From the line containing "Bruce Willis'lu Armageddon" to the last line of the data, both included, transcribe each line exactly, leaving out pictures and adding nothing.

**MATERIAL SUPPLIED:**
==*==

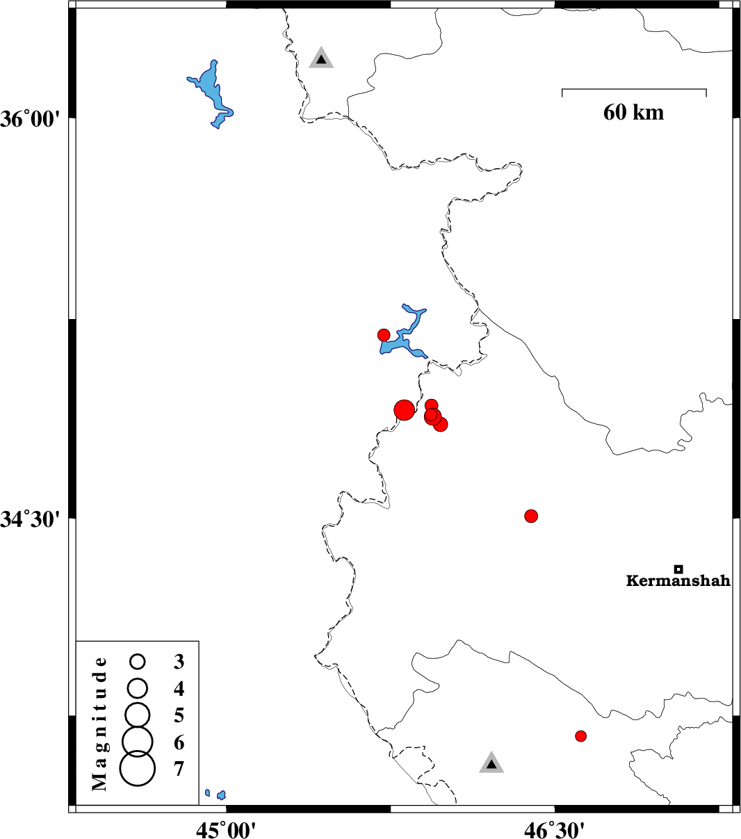 | 2018/05/22 | 00:36:00.5 | 05:06:00.5 | 34.882 | 45.943 | 15 | ML3.5 | Kermanshah Province, 17 km North-East of Tazehabad | ||
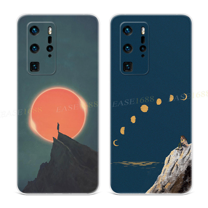 黑夜男女生适用华为p40p60p20pro手机壳p10p9plus冷淡风情侣插画+
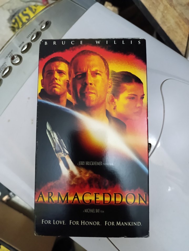 Bruce Willis'lu Armageddon VHS kaseti, 'Aşk için. Onur için. İnsanlık için.' sloganıyla.
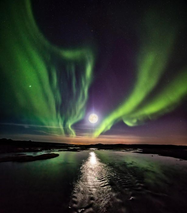 Keď nabité častice zasiahnú naše magnetické pole, ich žiaria sa mení na farebné pruhy, ktoré môžme vidieť skrz celú oblohu.
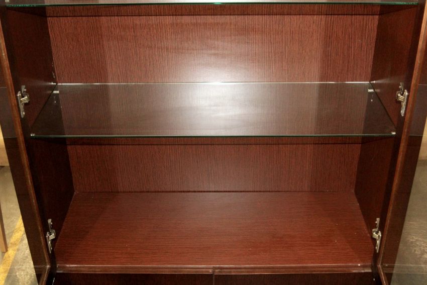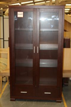1 x Dark Oak Illuminated Display Cabinet – 3ft – 2 Drawer / 2 Door With Glass Shelves – Ref CH015 - Ex Display Stock In Very Good Condition – Current Showroom Closure - CL036 - Location: Bury BL9
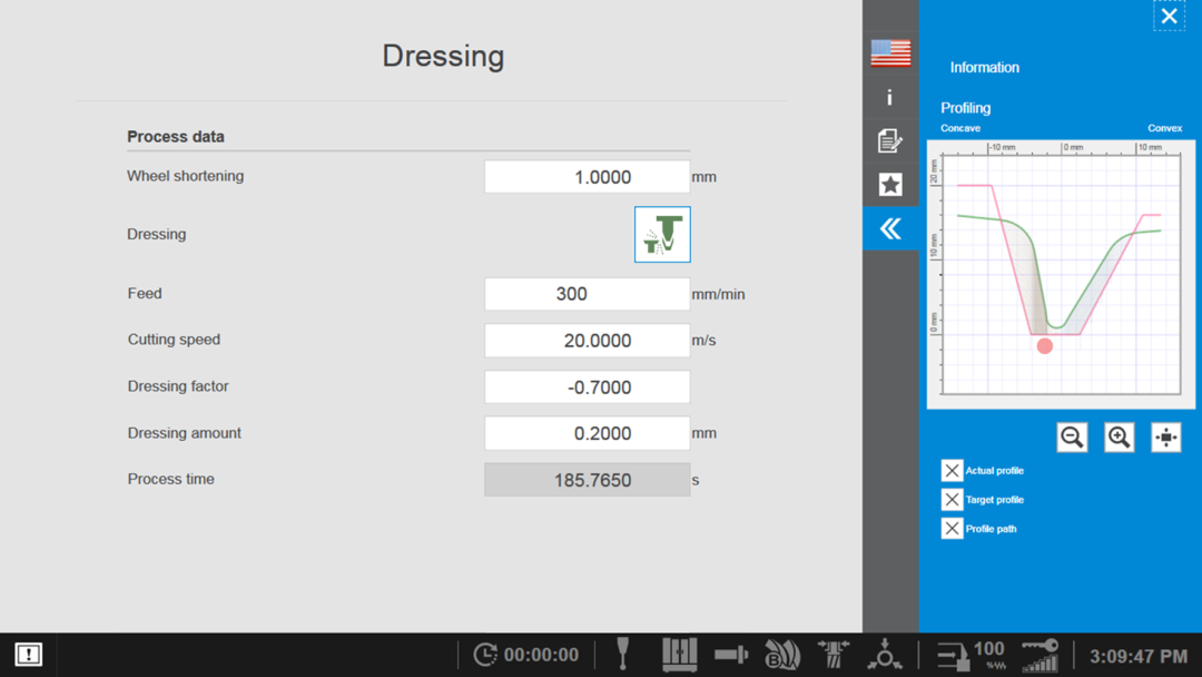 - 新砂輪修形中,砂輪形狀一旦達標,修整循環會立刻停止。
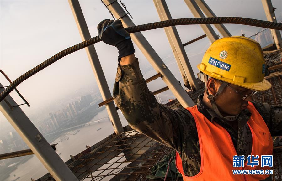 8月11日,工人在武汉绿地中心项目建设现场近500米的高空施工。 新华社记者 肖艺九 摄
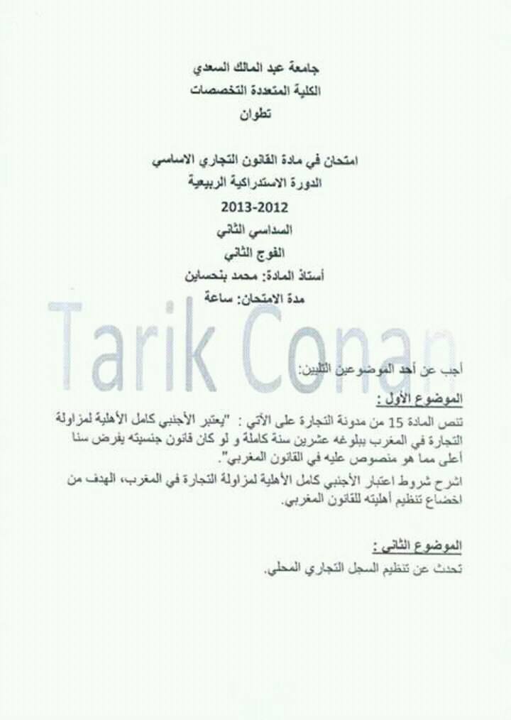 نماذج امتحانات مادة القانون التجاري السداسي الثاني S2 للسنوات السابقة
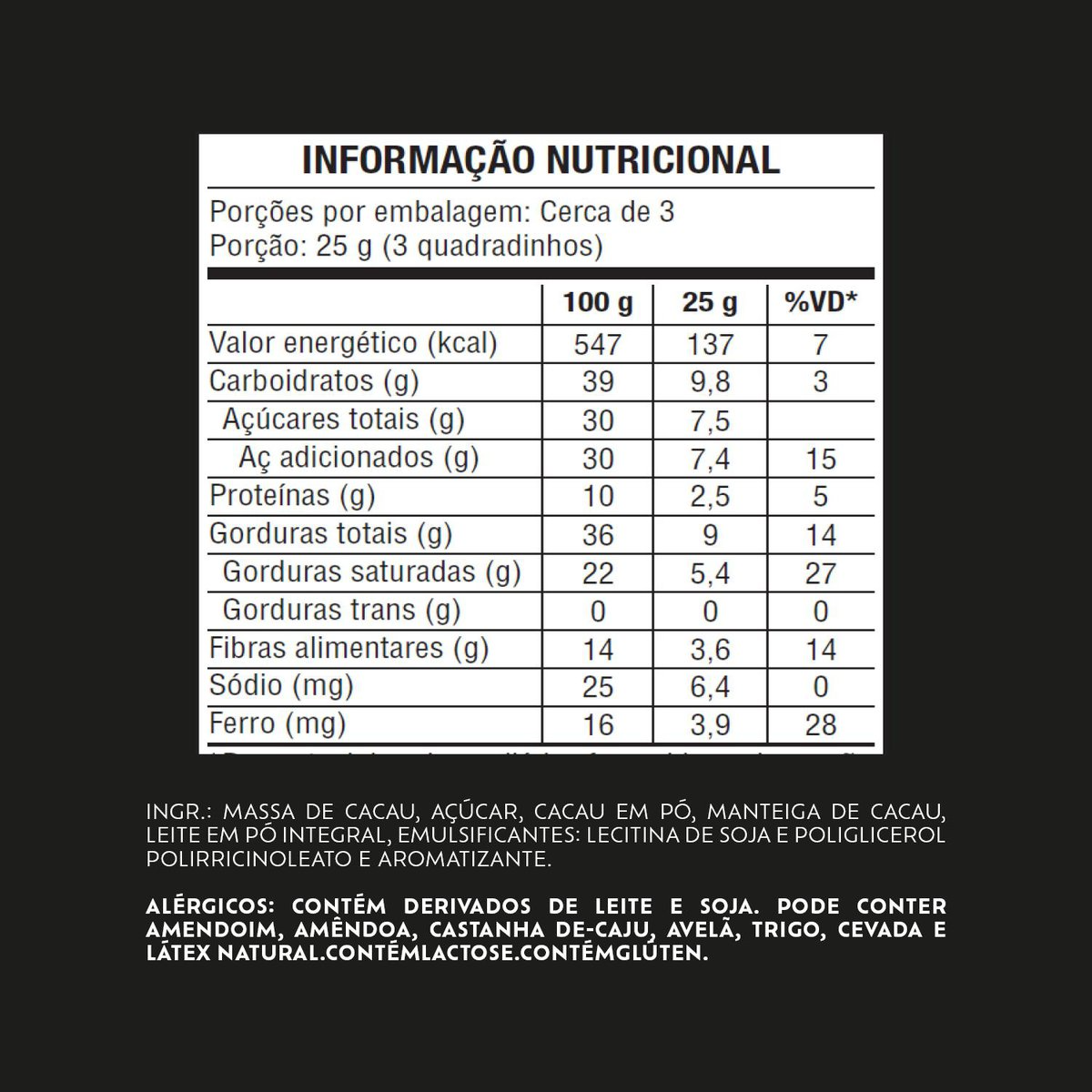 Ingredientes | Massa de cacau, açúcar, cacau em pó, manteiga de cacau, leite em pó integral, emulsificantes: lecitina de soja e poliglicerol polirricinoleato e aromatizante. |
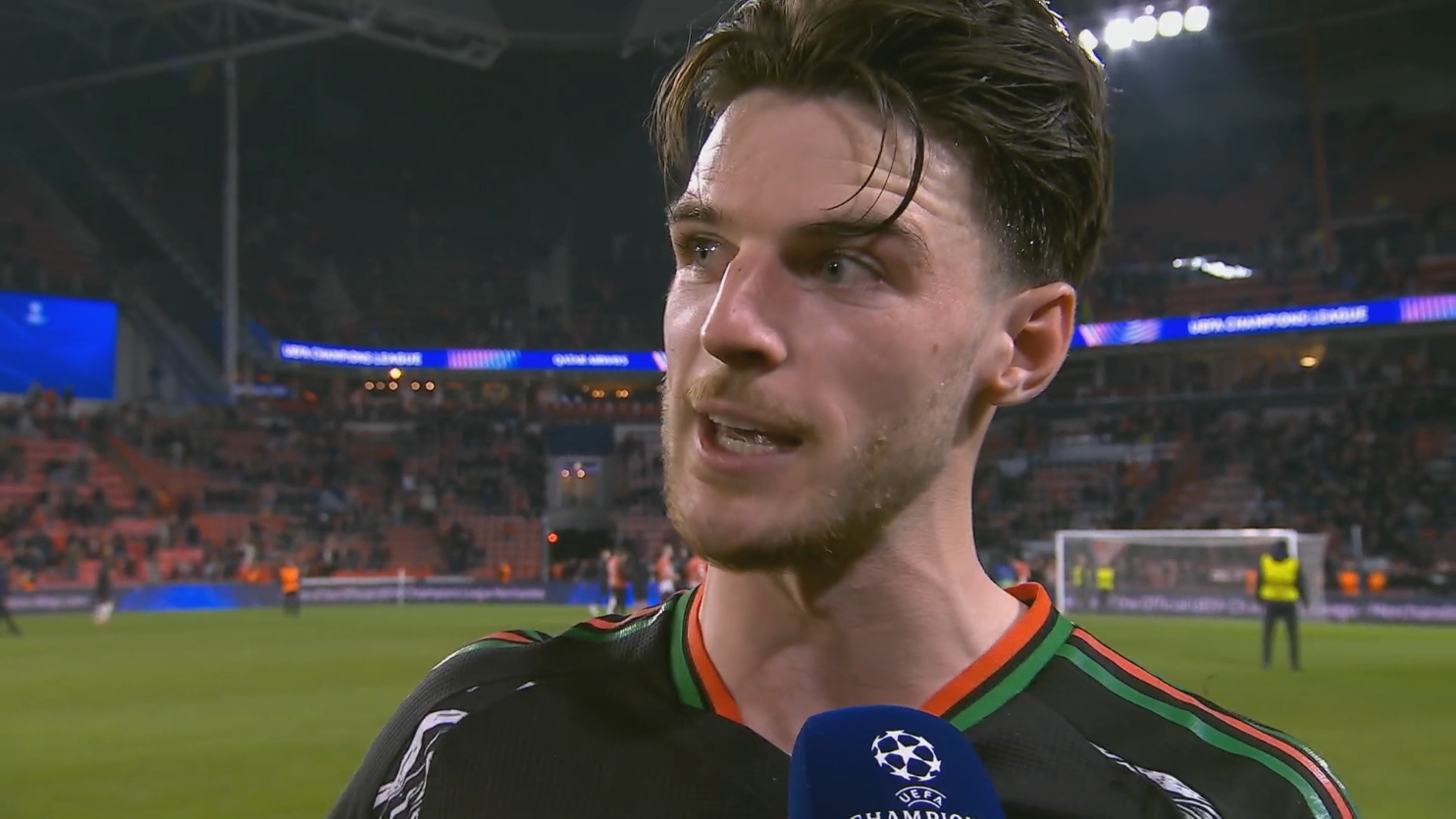 03月05日讯 欧冠1/8决赛首回合,阿森纳客场7-1大胜埃因霍温,赛后阿森纳中场赖斯接受采访。
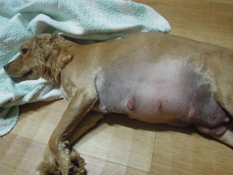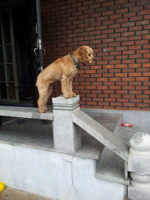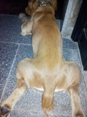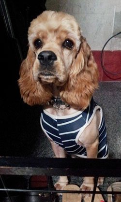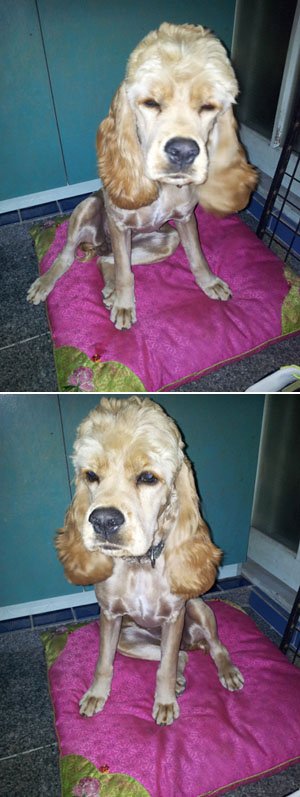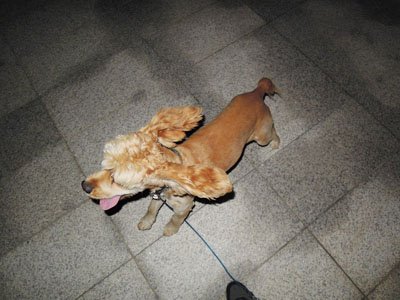 여름에 넘 진짜 더웠을 때. 지쳐하는 코카를 위해 털을 다 밀어줌.
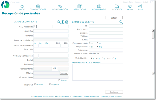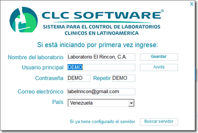 Una vez instalado CLC Laboratorios en su PC e iniciar por primera vez
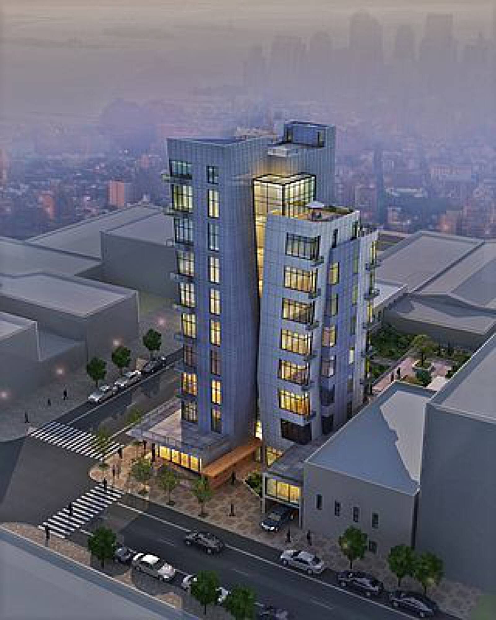 Ten-story mixed-use building featuring residential lofts and commercial space.

==*==

**EXERCISE SOLUTION:**
 Bruce Willis'lu Armageddon VHS kaseti, 'Aşk için. Onur için. İnsanlık için.' sloganıyla.
 Keď nabité častice zasiahnú naše magnetické pole, ich žiaria sa mení na farebné pruhy, ktoré môžme vidieť skrz celú oblohu.
1 x Dark Oak Illuminated Display Cabinet – 3ft – 2 Drawer / 2 Door With Glass Shelves – Ref CH015 - Ex Display Stock In Very Good Condition – Current Showroom Closure - CL036 - Location: Bury BL9
 - 新砂輪修形中,砂輪形狀一旦達標,修整循環會立刻停止。
 8月11日,工人在武汉绿地中心项目建设现场近500米的高空施工。 新华社记者 肖艺九 摄
 نماذج امتحانات مادة القانون التجاري السداسي الثاني S2 للسنوات السابقة
 Ingredientes | Massa de cacau, açúcar, cacau em pó, manteiga de cacau, leite em pó integral, emulsificantes: lecitina de soja e poliglicerol polirricinoleato e aromatizante. |
 03月05日讯 欧冠1/8决赛首回合,阿森纳客场7-1大胜埃因霍温,赛后阿森纳中场赖斯接受采访。
 여름에 넘 진짜 더웠을 때. 지쳐하는 코카를 위해 털을 다 밀어줌.
 Una vez instalado CLC Laboratorios en su PC e iniciar por primera vez
 Ten-story mixed-use building featuring residential lofts and commercial space.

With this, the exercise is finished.